● Task prompt: Word for word, restate the lines of the data below between those holding "2.对外劳务合作法律关系国内" and "Stairs lead to", inclusive; pictures do not belong in the copy.
+++ Data for analysis +++
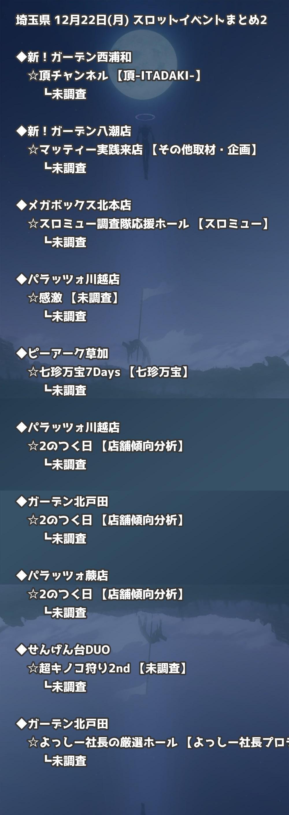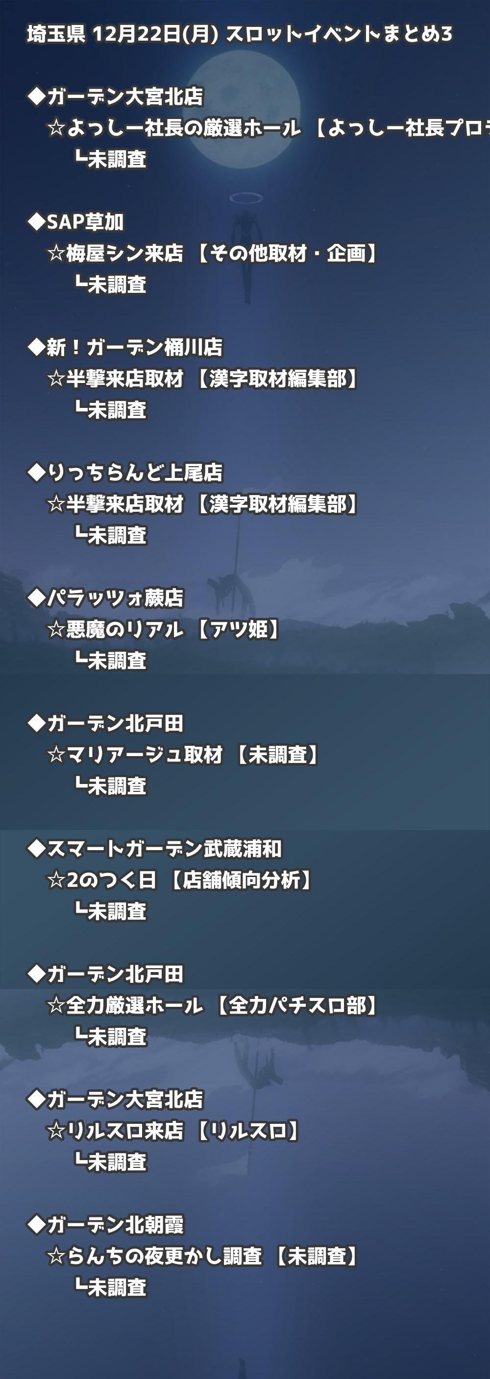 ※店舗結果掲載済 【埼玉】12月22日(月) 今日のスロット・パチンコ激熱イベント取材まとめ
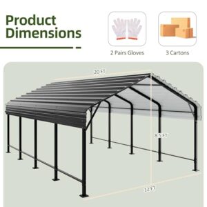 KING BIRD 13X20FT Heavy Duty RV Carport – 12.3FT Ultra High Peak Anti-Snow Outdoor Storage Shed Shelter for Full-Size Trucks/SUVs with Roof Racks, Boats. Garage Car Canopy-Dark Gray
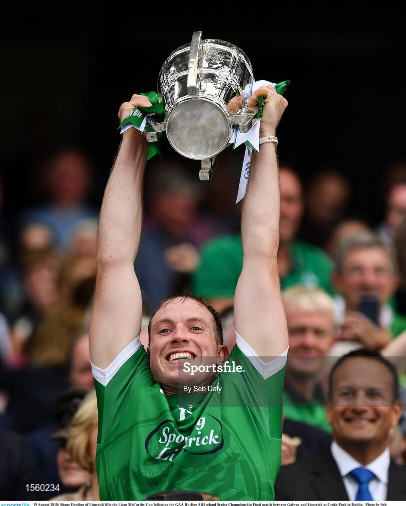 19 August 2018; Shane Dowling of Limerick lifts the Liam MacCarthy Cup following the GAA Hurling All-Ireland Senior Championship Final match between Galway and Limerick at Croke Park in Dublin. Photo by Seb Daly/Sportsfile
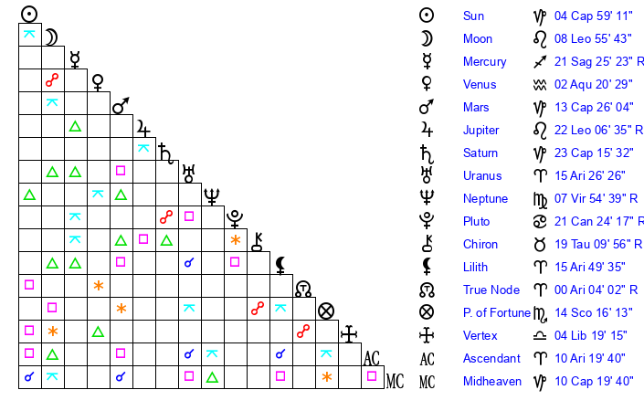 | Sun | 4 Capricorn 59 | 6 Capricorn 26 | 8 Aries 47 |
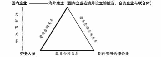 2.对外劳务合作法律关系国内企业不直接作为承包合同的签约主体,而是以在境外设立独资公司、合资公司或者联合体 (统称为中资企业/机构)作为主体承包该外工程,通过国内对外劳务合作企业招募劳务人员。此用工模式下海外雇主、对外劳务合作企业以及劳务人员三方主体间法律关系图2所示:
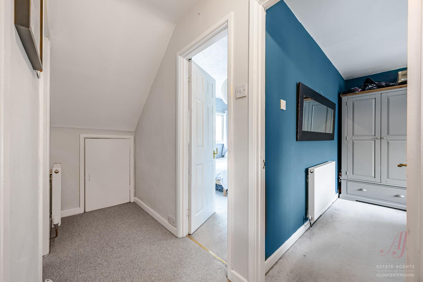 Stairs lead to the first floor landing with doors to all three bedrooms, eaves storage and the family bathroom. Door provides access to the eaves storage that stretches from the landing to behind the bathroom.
+++
+++ Data for analysis +++
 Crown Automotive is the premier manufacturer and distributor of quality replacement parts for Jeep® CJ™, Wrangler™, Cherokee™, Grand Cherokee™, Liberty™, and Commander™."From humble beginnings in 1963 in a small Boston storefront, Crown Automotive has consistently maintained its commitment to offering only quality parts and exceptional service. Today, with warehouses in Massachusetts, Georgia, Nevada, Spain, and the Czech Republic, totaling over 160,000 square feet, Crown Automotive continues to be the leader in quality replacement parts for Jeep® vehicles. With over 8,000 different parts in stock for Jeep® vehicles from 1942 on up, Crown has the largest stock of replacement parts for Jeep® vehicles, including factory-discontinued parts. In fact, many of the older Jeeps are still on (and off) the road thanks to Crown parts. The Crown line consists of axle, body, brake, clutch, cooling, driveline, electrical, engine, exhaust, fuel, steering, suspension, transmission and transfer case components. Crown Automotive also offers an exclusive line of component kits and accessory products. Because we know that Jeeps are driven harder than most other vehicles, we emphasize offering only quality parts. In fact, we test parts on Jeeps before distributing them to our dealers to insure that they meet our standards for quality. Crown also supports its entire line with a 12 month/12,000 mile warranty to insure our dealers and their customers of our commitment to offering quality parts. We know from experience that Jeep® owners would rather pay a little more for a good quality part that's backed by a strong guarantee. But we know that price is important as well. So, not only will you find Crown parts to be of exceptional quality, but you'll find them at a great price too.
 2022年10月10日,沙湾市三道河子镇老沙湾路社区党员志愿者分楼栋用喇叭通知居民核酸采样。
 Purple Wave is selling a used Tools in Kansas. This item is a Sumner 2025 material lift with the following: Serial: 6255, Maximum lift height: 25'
+++
● Output for this exercise:
 2.对外劳务合作法律关系国内企业不直接作为承包合同的签约主体,而是以在境外设立独资公司、合资公司或者联合体 (统称为中资企业/机构)作为主体承包该外工程,通过国内对外劳务合作企业招募劳务人员。此用工模式下海外雇主、对外劳务合作企业以及劳务人员三方主体间法律关系图2所示:
 Stairs lead to the first floor landing with doors to all three bedrooms, eaves storage and the family bathroom. Door provides access to the eaves storage that stretches from the landing to behind the bathroom.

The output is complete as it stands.